What needs to be done: When you reach the line below that has "Виртуальное поле с", start returning lines exactly, and stop after the line that has "Tapeta Ptice na"; skip the pictures.

Records:
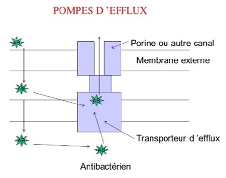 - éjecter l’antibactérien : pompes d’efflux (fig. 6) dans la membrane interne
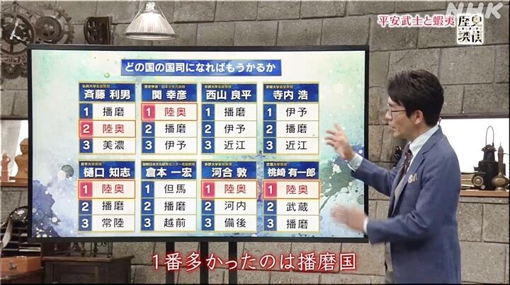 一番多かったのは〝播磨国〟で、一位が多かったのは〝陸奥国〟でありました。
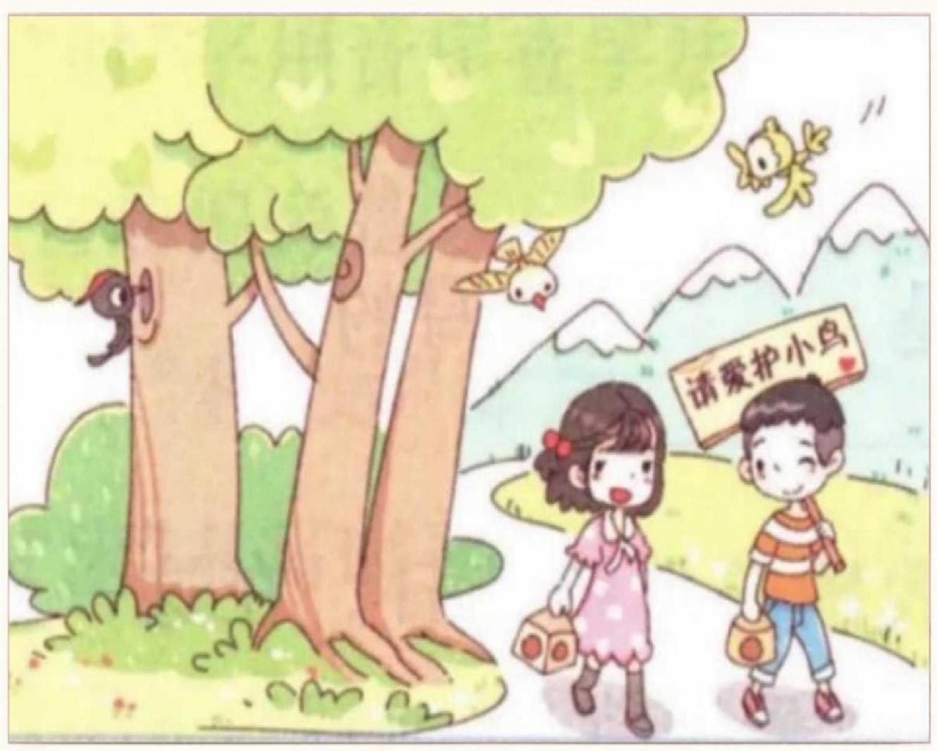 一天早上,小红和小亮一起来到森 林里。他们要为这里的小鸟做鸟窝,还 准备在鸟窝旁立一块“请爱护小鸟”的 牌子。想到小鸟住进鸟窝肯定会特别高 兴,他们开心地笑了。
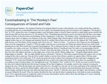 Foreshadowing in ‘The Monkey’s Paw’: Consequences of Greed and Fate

--

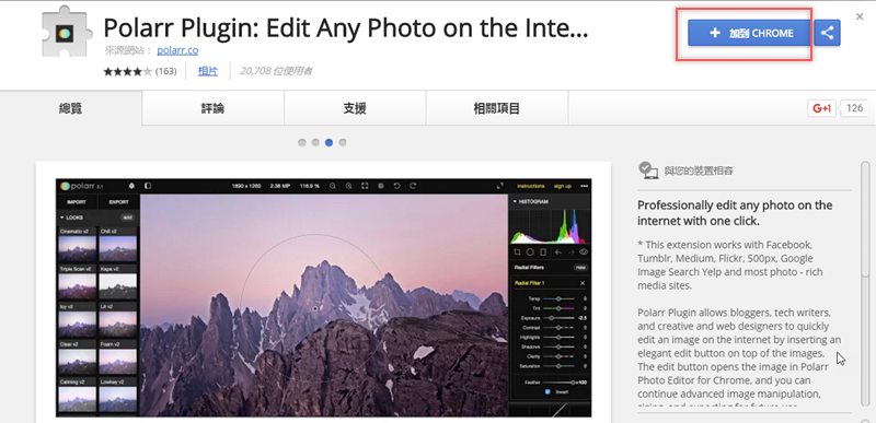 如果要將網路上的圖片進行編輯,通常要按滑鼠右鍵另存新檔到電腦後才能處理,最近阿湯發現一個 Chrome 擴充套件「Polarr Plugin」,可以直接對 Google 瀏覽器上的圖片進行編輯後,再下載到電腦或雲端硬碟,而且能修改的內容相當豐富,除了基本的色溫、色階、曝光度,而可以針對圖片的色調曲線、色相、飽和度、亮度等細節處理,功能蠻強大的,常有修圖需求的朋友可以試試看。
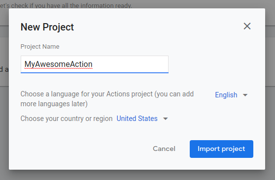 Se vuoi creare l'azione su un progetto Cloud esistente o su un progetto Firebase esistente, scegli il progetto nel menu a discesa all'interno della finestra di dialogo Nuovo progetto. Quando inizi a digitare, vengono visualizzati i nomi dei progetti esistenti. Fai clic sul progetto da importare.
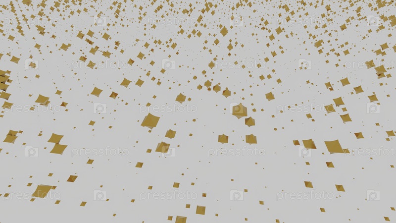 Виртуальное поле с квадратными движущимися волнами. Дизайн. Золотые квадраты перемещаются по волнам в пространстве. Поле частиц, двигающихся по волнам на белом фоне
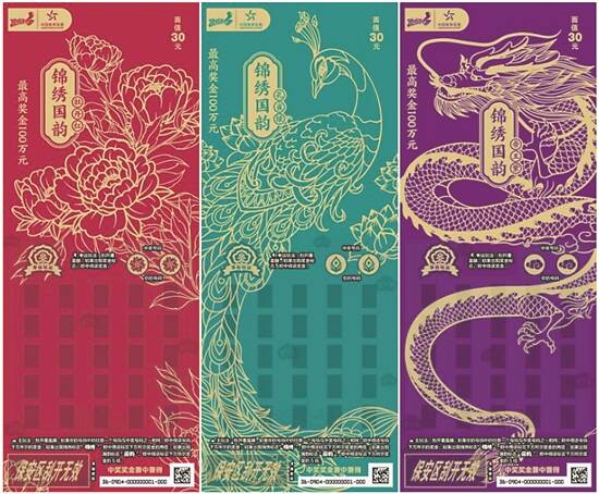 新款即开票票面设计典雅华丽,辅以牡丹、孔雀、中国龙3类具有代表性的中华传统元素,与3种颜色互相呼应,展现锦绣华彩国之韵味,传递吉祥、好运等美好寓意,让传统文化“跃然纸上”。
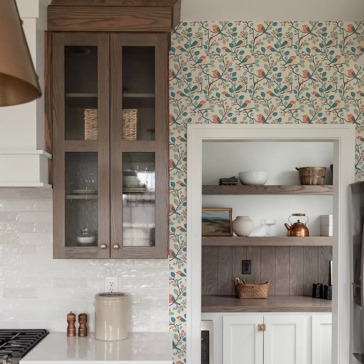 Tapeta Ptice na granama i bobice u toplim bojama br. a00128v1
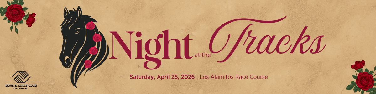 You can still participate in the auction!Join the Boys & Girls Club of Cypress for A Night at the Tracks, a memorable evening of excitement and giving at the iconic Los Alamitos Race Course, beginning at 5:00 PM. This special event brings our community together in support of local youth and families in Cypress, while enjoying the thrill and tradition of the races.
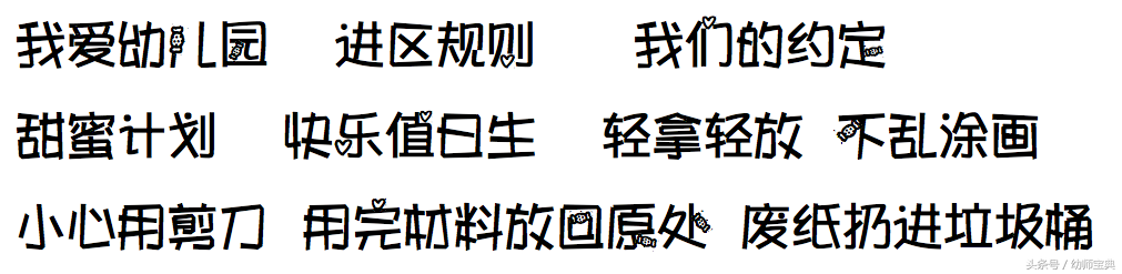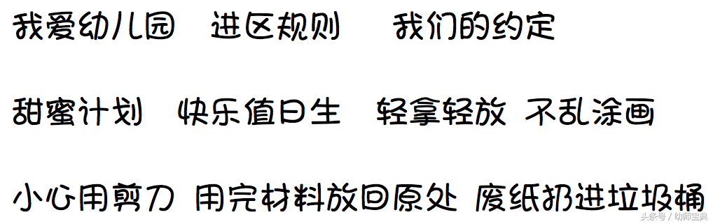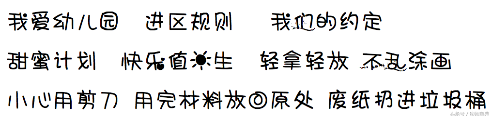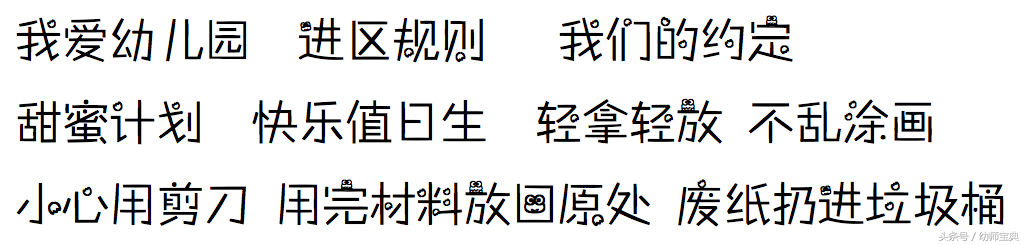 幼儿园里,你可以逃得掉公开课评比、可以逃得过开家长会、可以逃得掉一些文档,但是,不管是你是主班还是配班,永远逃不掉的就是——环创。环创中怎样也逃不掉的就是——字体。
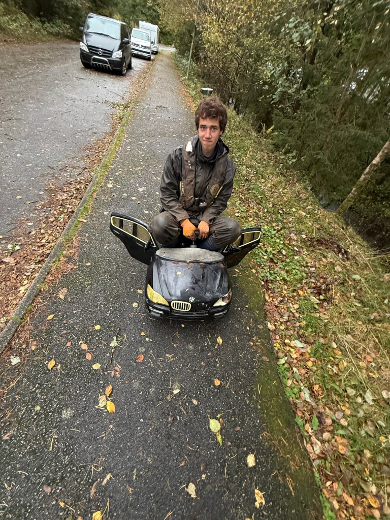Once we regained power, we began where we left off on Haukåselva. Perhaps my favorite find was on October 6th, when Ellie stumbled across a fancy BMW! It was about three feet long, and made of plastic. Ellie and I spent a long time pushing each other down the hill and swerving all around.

...

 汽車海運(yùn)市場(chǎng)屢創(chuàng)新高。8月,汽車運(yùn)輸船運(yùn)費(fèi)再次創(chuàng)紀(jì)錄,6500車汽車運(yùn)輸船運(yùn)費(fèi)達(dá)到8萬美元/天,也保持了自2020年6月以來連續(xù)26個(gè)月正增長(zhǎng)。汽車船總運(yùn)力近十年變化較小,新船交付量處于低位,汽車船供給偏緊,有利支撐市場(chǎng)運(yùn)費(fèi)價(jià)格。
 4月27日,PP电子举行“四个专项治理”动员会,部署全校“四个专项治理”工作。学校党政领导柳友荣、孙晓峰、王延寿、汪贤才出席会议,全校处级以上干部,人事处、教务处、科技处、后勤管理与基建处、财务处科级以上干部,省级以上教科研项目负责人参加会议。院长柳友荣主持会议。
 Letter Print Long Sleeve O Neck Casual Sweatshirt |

Solution to this exercise:
 Виртуальное поле с квадратными движущимися волнами. Дизайн. Золотые квадраты перемещаются по волнам в пространстве. Поле частиц, двигающихся по волнам на белом фоне
 新款即开票票面设计典雅华丽,辅以牡丹、孔雀、中国龙3类具有代表性的中华传统元素,与3种颜色互相呼应,展现锦绣华彩国之韵味,传递吉祥、好运等美好寓意,让传统文化“跃然纸上”。
 Tapeta Ptice na granama i bobice u toplim bojama br. a00128v1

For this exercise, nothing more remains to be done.